2.3. Laboratory Evaluations

2.3.1. Microscopic Diagnosis of Malaria

Blood smears prepared were air dried and the thin film was fixed with methanol. Dried smears were then stained with a controlled pH (7.2) Giemsa buffer solution and the malaria parasite was checked using a light microscope. The slides were examined independently by two competent readers for asexual and sexual parasite count as well as species identification. In case of discrepancy (difference of species, positive–negative readings, or ratio of the two-parasite densities > 1.5 or <0.67), a third independent reader was required, and the two most concordant results were used for reporting the final result. All the parasite species including P. falciparum, P. malariae, and P. ovale were assessed using microscopy.

2.3.2. PCR Testing

Dried blood spots on Whatman filter papers (Whatman 3 mm, GE Healthcare, Pittsburg, PA, USA) were labelled then air dried and placed individually in a plastic bag containing a desiccant thus protecting them from humidity. DNA was extracted using the methanol method. For that, three pieces of filter paper were soaked in methanol (100 µL) for 15 min at room temperature, then the methanol was removed from the tube and the pieces were completely air dried for 1–2 h. After drying, 100 µL of sterile deionized water was added to each tube before heating them in a water bath for 15 min at 95–100 °C. During the incubation phase, the tube is vortexed every 5 min to extract the DNA. DNA extracts have been used directly. The molecular method based on DNA amplification was used to detect P. falciparum. This is a nested PCR method targeting the 18 s rRNA small sub-unit gene. Products obtained after the first PCR (using primers for all four Plasmodium species), were subsequently amplified using P. falciparum-specific primers. The sequence of the primers and the protocol of PCR were previously described in detail elsewhere [11]. Primary and secondary PCRs were carried out in a final volume of 20 μL containing 4 μL of Master Mix (5× FIREPol^®, 1.25 μL of dNTP, 0.8 μL of 25 mM MgCl₂, 0.1 μL of One Taq^® DNA polymerase) and 1 μL of template DNA or primary PCR. For the primary PCR, the temperature cycling parameters (24 cycles) were: initial denaturation at 95 °C for 5 min, annealing at 58 °C for 2 min, extension at 72 °C for 2 min and final extension at 72 °C for 5 min. The same program was used for the second amplification but for 30 cycles instead of 24 cycles. Samples after amplification were subjected to electrophoretic migration on a 1.5% agarose gel (Sigma Aldrich Chemie GMBH, Taufkirchen, Germany) and 3% GelRed^® (Nucleic Acid Stain) in Tris Borate Ethylene-Diamine-Tetra-Acetic. Migration was performed at 100 volts for 90 min. Fragment size was determined using the molecular weight marker. UV electrophoresis development was carried out using an image documentation system (AXYGEN^® device) coupled to a computer, enabling the exact size of DNA bands to be estimated. The expected fragment length was 205 base pairs (bp) for P. falciparum.

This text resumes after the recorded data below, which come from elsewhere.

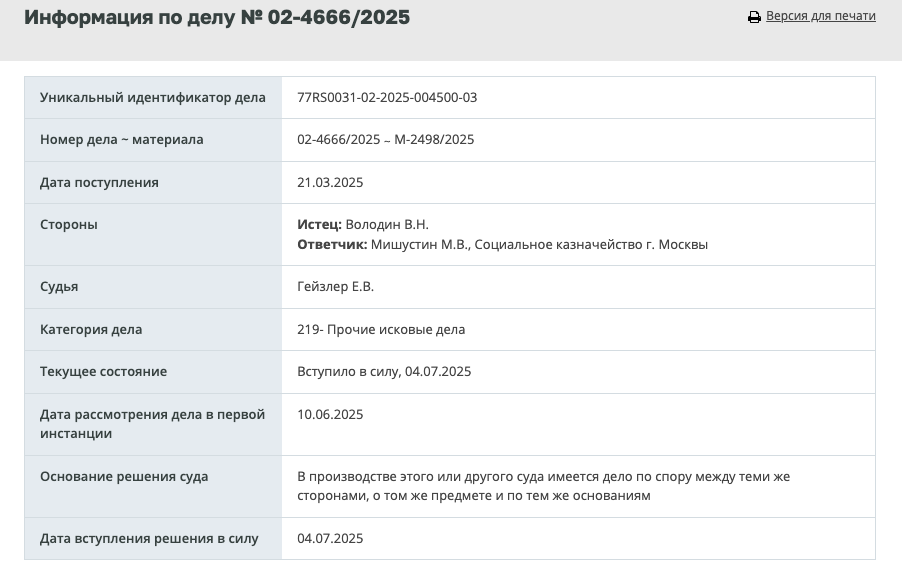 "Охране рыбовЪ" стало известно, что некий гражданин Володин В.Н. подал в суд на другого некоего гр. Мишустина М.В. Но суд дело производством оставил без рассмотрения , потому что где-то там, в каком-то другом суде, уже имелось аналогичное дело по иску Володина В.Н. к гражданину Мишустину М.В. Желающие обсудить как Володин В.Н. поссорился с Мишустиным М.В., могут сделать это в комментариях.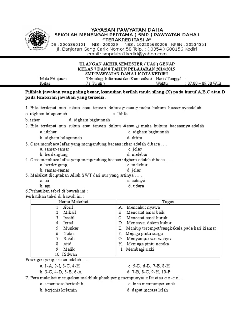 Sebagaimana yang kita ketahui bersama bahwa. Tulislah terlebih dahulu identitas (nama, kelas, dan nomor peserta) pada lembar jawaban. Semakin banyak berlatih mengerjakan soal, maka kemampuan dalam menjawab soal akan semakin meningkat. 18 016 просмотров • 4 мар. Pada artikel kali ini saya akan membagikan soal dan kunci jawaban penilain tengah semester (pts) mata pelajaran prakarya kurikulum 2013 jenjang smp kelas 7 semester genap revisi tahun 2019.
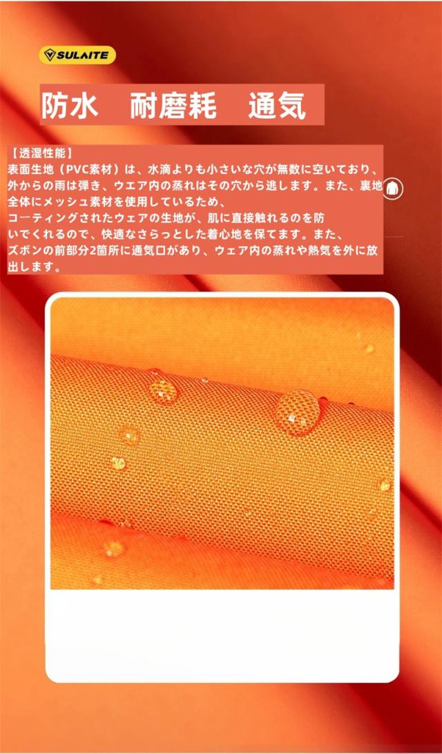 【透湿性能】表面生地(PVC素材)は、水滴よりも小さいな穴が無数に空いており、外からの雨は弾き、ウエア内の蒸れはその穴から逃します。また、裏地全体にメッシュ素材を使用しているため、コーティングされたウェアの生地が、肌に直接触れるのを防いでくれるので、快適なさらっとした着心地を保てます。また、ズボンの前部分2箇所に通気口があり、ウェア内の蒸れや熱気を外に放出します。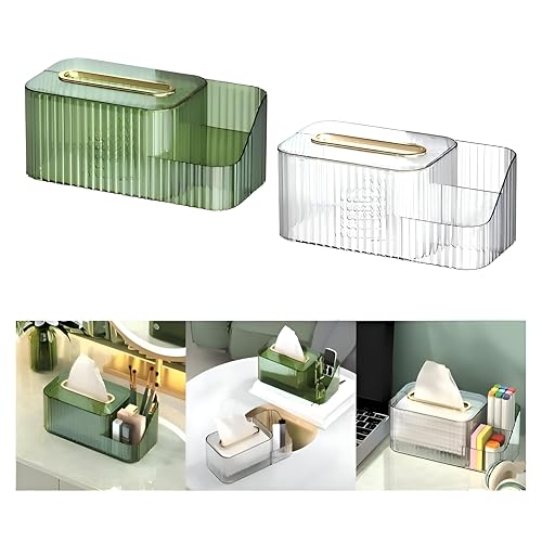 Generic - غطاء علبة مناديل زجاجية مستطيلة - حامل علبة مناديل ذهبية كلاسيكية، حامل مناديل وجه رائع لوضعه في خزانة الملابس أو الحمام أو طاولة جانبية أو مكتب منزلي (شفاف, 2 منظم)

2.3.3. Haemoglobin Measurement

The finger prick whole blood sample was put in a microcuvette and analysed using a portable HemoCue^® analyser (Ängelholm, Sweden). The result was directly read on the machine screen and immediately recorded in the case report form (CRF).

2.4. Statistical Methods

2.4.1. Description of Variables

The parasitemia was considered positive if asexual parasites were found at microscopy whatever the parasite density. Also, to avoid missing sub-microscopic infections, we performed nested PCR. The parasite prevalence was considered as the proportion of participants with positive parasitemia. This indicator was calculated using microscopy and PCR results separately.

The specific infection prevalence was defined as the proportion of each species in the total population surveyed.

The gametocyte prevalence was defined as the proportion of participants bearing a sexual stage of malaria parasite as detected by microscopy (gametocyte counts ≥ 1 gametocyte/μL of blood), whatever the parasite species. The gametocyte prevalence was also assessed for each parasite species.

The status of anaemia was determined according to the WHO classification based on age [12]. The anaemia prevalence was the proportion of participants with a haemoglobin level less than 11 g/dL for the under-fives; haemoglobin level less than 11.5 g/dl for the 5–11 years age group; and haemoglobin level less than 12 g/dl for the 12 years old. This includes all grades of anaemia, from mild to severe. The anaemia grades (mild, moderate, and severe) were also defined based on age as indicated in the WHO classification [12].

The clinical malaria prevalence was considered as the proportion of participants who were experiencing during the survey, an episode of clinical malaria defined as measured fever (axillary temperature ≥ 37.5 °C) or history of fever within the previous 24 h plus positive blood film microscopy or positive PCR.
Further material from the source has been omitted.